CRISPRimmunity: the tool for CRISPR-associated Important Molecular events and Modulators Used in geNome edIting Tool identifYing

Table of Contents

Background

The CRISPR-Cas system is a highly adaptive and RNA-guided immune system found in bacteria and archaea that has applications as a genome editing tool and is a valuable system for studying co-evolutionary dynamics of bacteriophage interactions.
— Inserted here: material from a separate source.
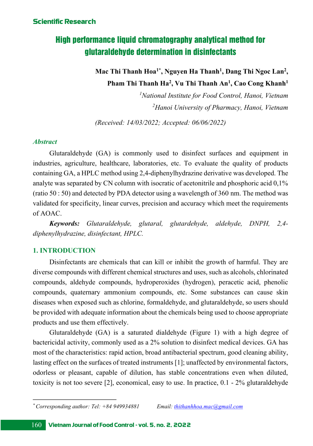 Glutaraldehyd (GA) là một hoạt chất được sử dụng phổ biến để khử trùng và sát khuẩn bề mặt và thiết bị trong công nghiệp, nông nghiệp, y tế, phòng thí nghiệm,... Nhằm đánh giá chất lượng các chế phẩm chứa GA trên thị trường, phương pháp xác định GA bằng cách dẫn xuất với thuốc thử 2,4-dinitrophenylhydrazin (DNPH) đã được xây dựng. Chất phân tích được tách sắc ký bằng cột CN với pha động đẳng dòng gồm acetonitrile và acid phosphoric 0,1% (tỷ lệ 50 : 50) và xác định bằng detector PDA ở bước sóng 360 nm. Phương pháp đã được thẩm định độ đăc hiệu, đường chuẩn, độ đúng và độ chụm đạt yêu cầu của AOAC.

This repository presents CRISPRimmunity, a new tool designed for Acr prediction, identification of novel class 2 CRISPR-Cas loci, and dissection of CRISPR-associated important molecular events. CRISPRimmunity is built on a series of CRISPR-oriented databases that offer a comprehensive co-evolutionary perspective of the CRISPR-Cas and anti-CRISPR protein systems. CRISPRimmunity also provide a web server, offering a well-designed graphical interface, a detailed tutorial, and multi-faceted information, making it easy to use and facilitating future experimental design and further data mining. The web server is accessible without registration at http://www.microbiome-bigdata.com/CRISPRimmunity/index/home.

Requirements

The source code is written by python3. In addition, several tools have been applied in CRISPRimmunity.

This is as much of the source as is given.